One thing i would suggest is to upgrade to latest opta binary and see if you get the same issue . This would be faster aswell . And if this doesn't work we will involve the opta team and parallely we can try a manual one
yeah and also do dump the opta config
j
Sounds like a plan
Thank you for all the help
p
sure np.
y
@JD Palomino any thoughts/ideas?
j
this is a lot to take in lol-- also I see that there’s been some manual changes so I am not certain about the state of the system. When I find myself in such a situation I usually like to start with a clean slate, so I would recommend destroying the current service and k8s-base (no need to destroy all env) and re-applying. From there, if you are still facing issues I am happy to jump on a quick call to help out
j
I decided to blow everything out to start from scratch. These are the basic steps to reproduce my issue with flytectl not being able to establish a connection to the cluster.
Copy code
> opta version
v0.23.0

> terraform -version
Terraform v1.0.11
on linux_amd64

> git rev-parse HEAD
8c43b3a564f2637b09c5a6a34f1a4bdc9545e68b

> git diff
diff --git a/opta/aws/env.yaml b/opta/aws/env.yaml
index 244f4494..3cd5e235 100644
--- a/opta/aws/env.yaml
+++ b/opta/aws/env.yaml
@@ -1,14 +1,16 @@
-name: <env_name>
-org_name: <your_company>
+name: flyte-prod
+org_name: abovedata
 providers:
   aws:
-    region: <region>
-    account_id: <account_id>
+    region: us-west-2
+    account_id: 518673686532
 modules:
   - type: base
-  - type: dns
-    domain: <domain>
-    delegated: false # set to true once ready <https://docs.opta.dev/miscellaneous/ingress/>
+  - type: external-ssl-cert
+    domain: "<http://flyte.abovedata.io|flyte.abovedata.io>"

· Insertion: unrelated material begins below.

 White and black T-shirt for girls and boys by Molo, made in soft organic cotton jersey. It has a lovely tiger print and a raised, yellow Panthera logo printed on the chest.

+    private_key_file: "./cert/live/abovedata.io/privkey.pem"
+    certificate_body_file: "./cert/live/abovedata.io/cert.pem"

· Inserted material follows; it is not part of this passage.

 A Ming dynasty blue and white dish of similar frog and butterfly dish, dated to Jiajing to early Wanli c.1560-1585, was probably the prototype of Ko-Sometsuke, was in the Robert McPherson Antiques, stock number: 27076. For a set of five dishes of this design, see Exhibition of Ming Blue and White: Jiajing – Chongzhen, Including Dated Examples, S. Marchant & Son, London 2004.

+    certificate_chain_file: "./cert/live/abovedata.io/chain.pem"
   - type: k8s-cluster
     max_nodes: 15
   - type: k8s-base
diff --git a/opta/aws/flyte.yaml b/opta/aws/flyte.yaml
index 69aa32fd..41fd99a4 100644
--- a/opta/aws/flyte.yaml
+++ b/opta/aws/flyte.yaml
@@ -2,8 +2,8 @@ environments:
   - name: default
     path: "./env.yaml" # NOTE: relative path to environment
     variables:
-      region: <region>
-      account_id: <account_id>
+      region: us-west-2
+      account_id: 518673686532
 name: service-flyte
 modules:
   - name: postgres
I installed the env with
opta apply -c env.yaml --auto-approve --detailed-plan
it completed in ~25mins I updated my cname flyte.abovedata.io to point to opta-flyte-prod-lb-500005f6805177fc.elb.us-west-2.amazonaws.com I then installed flyte with
opta apply -c flyte.yaml --auto-approve --detailed-plan
it completed in ~9mins This is the flytectl config I'm using
Copy code
> cat ~/.flyte/config.yaml
admin:
  # works
  endpoint: dns:///a0c0be52128614dd6a2d9f1bc17a3a15-637195292.us-west-2.elb.amazonaws.com:81
  insecure: true
#   # doesn't work
#   endpoint: dns:///flyte.abovedata.io 
#   insecure: false
  authType: Pkce
logger:
  show-source: true
  level: 9
storage:
  type: stow    
  stow:
    kind: s3
    config:
      auth_type: iam
      region: us-west-2
  container: flyte-prod-service-flyte
And here is the output of the two opta commands
j
awesome! As promised, would you like to jump on a call?
j
sure thing can we do it in about 10 minutes?
j
👍 send a link/invite when ready
y
hey sorry did this end up happening?
what was the resolution?
j
@Yee @JP Kosymna I reproduced the environment, but it’s actually working for me
I made sure to change as little as possible
The only difference is that I am not using cloud flare for dns
message has been deleted
@JP Kosymna if you could sit down once more to go over your setup we would greatly appreciate it
j
@JD Palomino @Yee I started from scratch again, this time I configured my cname in cloudflare without checking the proxy setting and now flytectl works! I'll finish up configuring auth today and post if I have any other issues. Thanks for the help
❤️ 2
k
Hurrah, but @JD Palomino / @JP Kosymna it would be great to capture the reasons in a discussion so that others could avail info
j
The issue was using cloudflares proxy on the dns cname (it was a little button that defaulted to on) for my flyte subdomain. Removing the cloudflare proxy fixed the flytectl connection issue.
j
I bet it’s something to do with http2/grpc-- that’s why te web ui was working
y
so if you had pointed flytectl to the elb ingress (not the lb for admin itselft, but the one for ingress) it would’ve worked?
j
When I pointed to the elb ingress I would get a 404 from nginx
j
that’s because it’s looking for requests sent to your domain as host
h
This is great to hear! @JP Kosymna What I’ve done, with Cloudflare before, (Sorry for being late to the party): 1. Modify the env.yaml and set
delegated: false
2. Run
opta apply -c env.yaml --auto-approve
3. Run
opta output  -c env.yaml
and note the
Name servers
4. Go to cloudflare -> DNS settings and add records for these nameservers… if it’s the root domain then use
@
as the name of the record… you are going to have to add 4 records corresponding to the 4 NSs returned from
opta output
5. Note that when you add
NS
records, Cloudflare will automatically disable Proxying traffic… I don’t think it’ll even allow you to turn it on for these records… 6. Modify env.yaml and set
delegated: true
7. Run
opta apply -c env.yaml --auto-approve
to finish the rest of the domain delegation steps…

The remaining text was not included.